Timestamp.tz_localize() NonExistentTimeError handling #8917

mskrajnowski · 2014-11-28T11:17:53Z

I'm trying to use pandas to speed up timezone conversions on many datetimes and I can't get around NonExistentTimeErrors. Pandas tz_localize() seems to ignore the ambiguous argument for the non existent time case.

Example:

import pytz
import pandas

tz = pytz.timezone('Europe/Warsaw')
non_existent = datetime.datetime(2015, 3, 29, 2, 30)

tz.normalize(tz.localize(non_existent))
#2015-03-29 03:30:00+02:00

tz.normalize(tz.localize(non_existent, is_dst=False))
#2015-03-29 03:30:00+02:00

pandas.Timestamp(non_existent).tz_localize(tz)
# NonExistentTimeError: 2015-03-29 02:30:00

pandas.Timestamp(non_existent).tz_localize(tz, ambiguous=0)
# NonExistentTimeError: 2015-03-29 02:30:00

It would be nice if the ambiguous argument worked the same as is_dst in pytz. As it is now, it's impossible afaik to reliably localize a series of datetimes using pandas, since any of them might cause a NonExistentTimeError and there's no way of guiding pandas what to do with such datetimes.

INSTALLED VERSIONS
------------------
commit: None
python: 2.7.5.final.0
python-bits: 64
OS: Linux
OS-release: 3.13.0-39-generic
machine: x86_64
processor: x86_64
byteorder: little
LC_ALL: None
LANG: en_US.UTF-8

pandas: 0.15.1
nose: 1.3.4
Cython: None
numpy: 1.9.1
scipy: None
statsmodels: None
IPython: 2.3.1
sphinx: 1.2.2
patsy: None
dateutil: 2.2
pytz: 2013.9
bottleneck: None
tables: None
numexpr: None
matplotlib: None
openpyxl: None
xlrd: None
xlwt: None
xlsxwriter: None
lxml: None
bs4: None
html5lib: None
httplib2: 0.9
apiclient: 1.3.1
rpy2: None
sqlalchemy: None
pymysql: None
psycopg2: 2.5.4 (dt dec pq3 ext)

The text was updated successfully, but these errors were encountered:

jorisvandenbossche · 2014-11-28T11:40:15Z

cc @rockg @ischwabacher

rockg · 2014-11-28T12:38:36Z

ambiguous is only structured to differentiate duplicate times in the fall transition. It would be very easy to extend to the spring transition.

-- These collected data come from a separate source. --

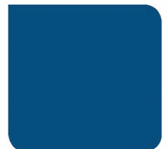
African Blue (SRI:27)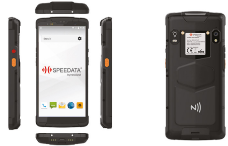
SD55 from all sides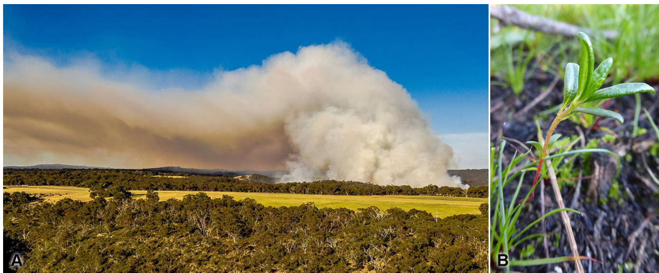
Fig. 4. A The controlled burn in part of Bullock Hill C.P., the type locality (3 Nov. 2020). B Seedling of Spyridium latifolium in the recently burned area (27 Aug. 2021). — B J. Kellermann 1011 & L. Williams.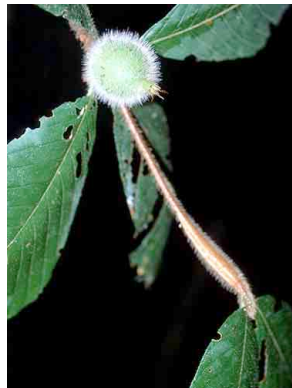
39 Duroia hirsuta RUBIACEAE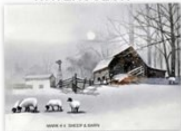
MARK 8:30 TO 4:30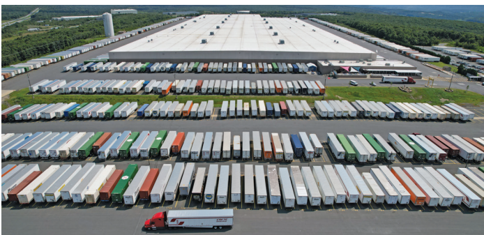
Lowe's Regional Distribution Center in the Schuylkill Highridge Business Park.

NEPA, in coordination with four other MPO planning areas, has secured $280,000 in supplemental planning funds for the development of the Eastern Pennsylvania Freight Plan. The regional freight plan will assist in coordinating all modes of freight travel for a 10-county region and identify development recommendations for accommodating our growing freight industry. The plan is expected to be complete by the end of 2023.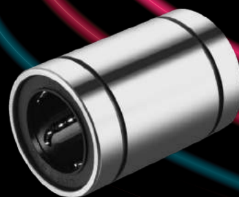
RHD LINEAR MOTION BEARING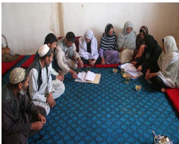
Members of a community council discuss their priority needs in Bamiyan Province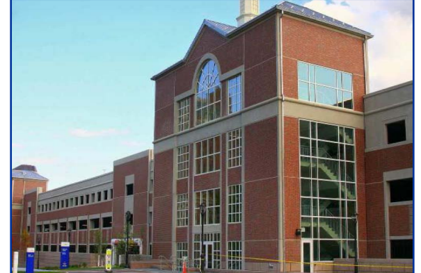
Aetna Expansion- Sigourney Street Garage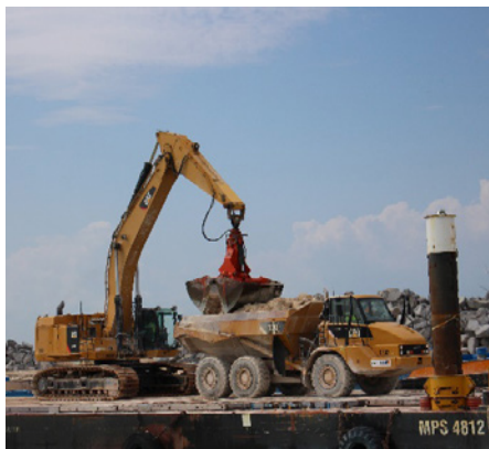
Working at: rockworks.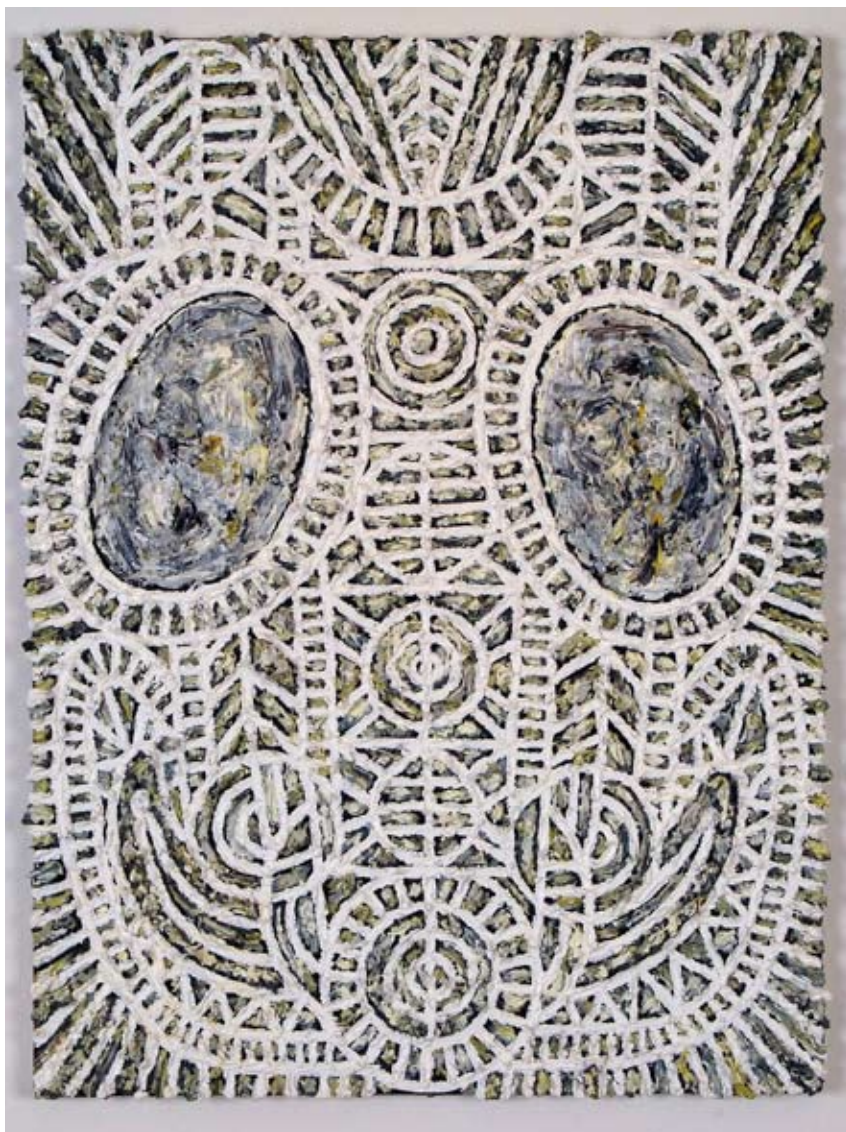
Jinn IV, 2012 Oil on canvas 18 x 24 inches

rockg · 2014-11-30T12:24:29Z

@mskrajnowski I have been thinking about this more and wonder if your data is really in a standard time zone and you should be localizing to that and then converting. For example, what does the data look like for that Spring DST change day? Are there 24 hours or just 23? Maybe the localizing issue is masking something else.

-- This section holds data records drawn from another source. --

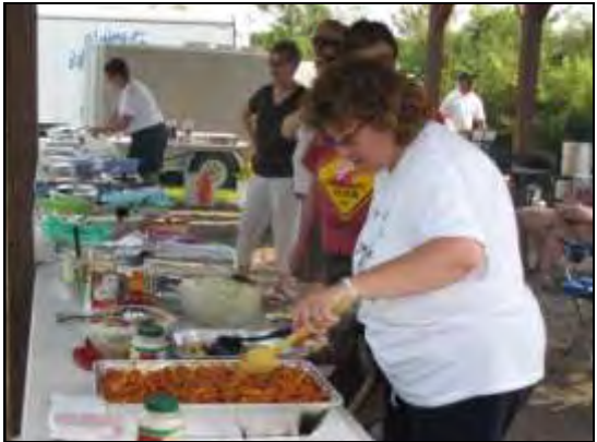
Cooking up the Pilot's Dinner

Flying continued throughout the afternoon .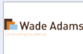
WADE ADAMS CONTRACTING LLC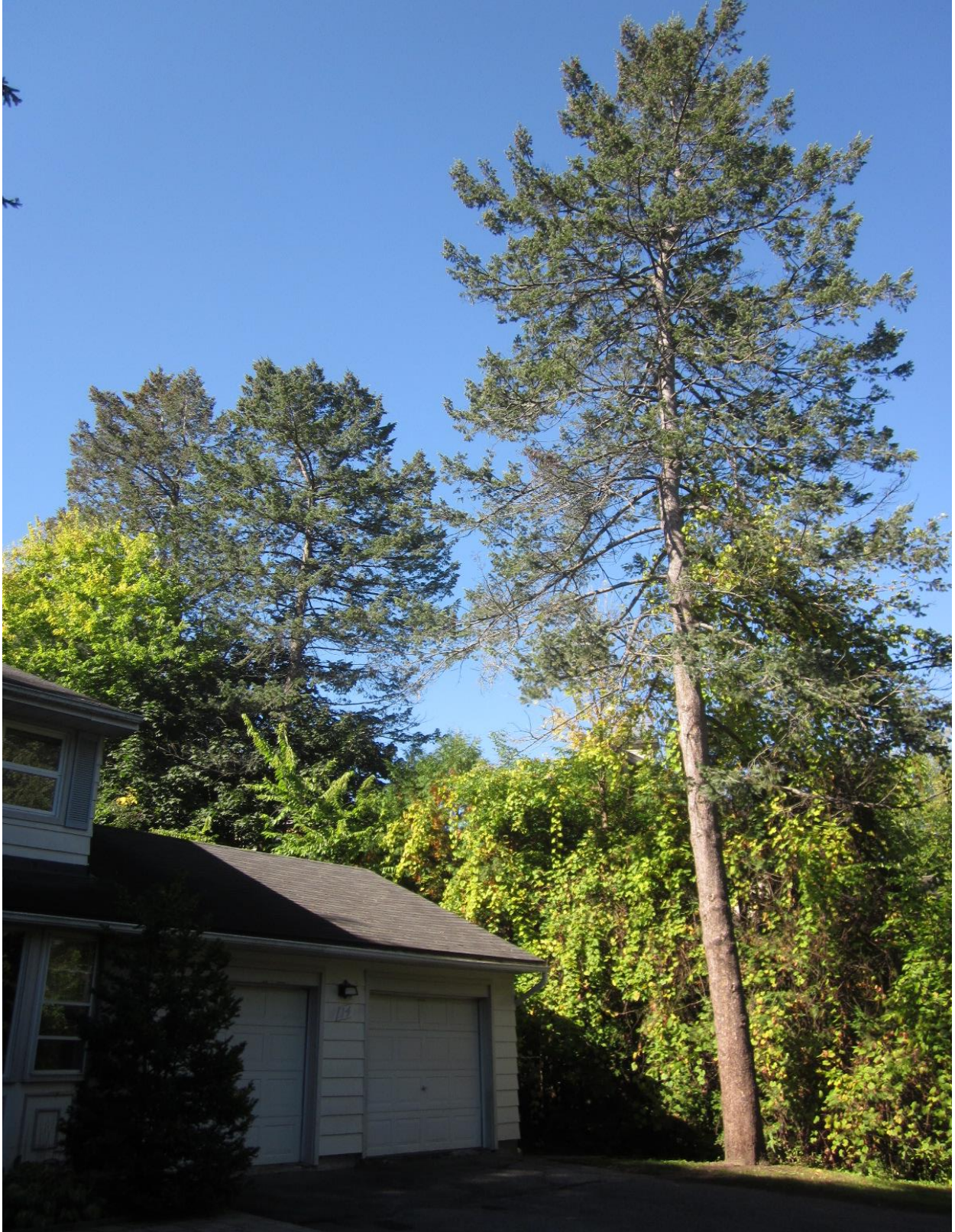
Picture 1. Private trees #2 and 3 (right) and upper crowns of 4, 6, 7 and 8 (left) at 14 Crescent Road, Rockcliffe

ischwabacher · 2014-12-01T15:40:09Z

It seems to me that the only overlap between the sorts of options that make sense for handling ambiguous times and the options that make sense for nonexistent times are NaT and raise. Here are the other possible behaviors I can come up with, though some of them are pretty wacky:

Choose the time at the jump. So Timestamp('2014-03-09 02:30:00').tz_localize('America/Chicago') is Timestamp('2014-03-09 03:00:00-0500', tz='America/Chicago').
Apply the (non-DST) offset before the discontinuity to the given time, then normalize (in the pytz sense). So Timestamp('2014-03-09 02:30:00').tz_localize('America/Chicago') becomes
Timestamp('2014-03-09 03:30:00-0500', tz='America/Chicago').
Apply the (DST) offset after the discontinuity to the given time, then normalize.
Apply the "before" offset, then don't normalize. This yields a nonexistent time, but would allow date_range to be emulated by repeated subtraction of an offset from a Timestamp. (So that for instance Timestamp('2014-03-10 02:30:00-0500', tz='America/Chicago') - Day() - Day() could equal Timestamp('2014-03-08 02:30:00-0600', tz='America/Chicago'). But this is a lot of crazy complexity for an invariant that I'm starting to think is a bad idea anyway.
Apply the "after" offset, then don't normalize. This is like the previous option but for repeated addition instead of subtraction.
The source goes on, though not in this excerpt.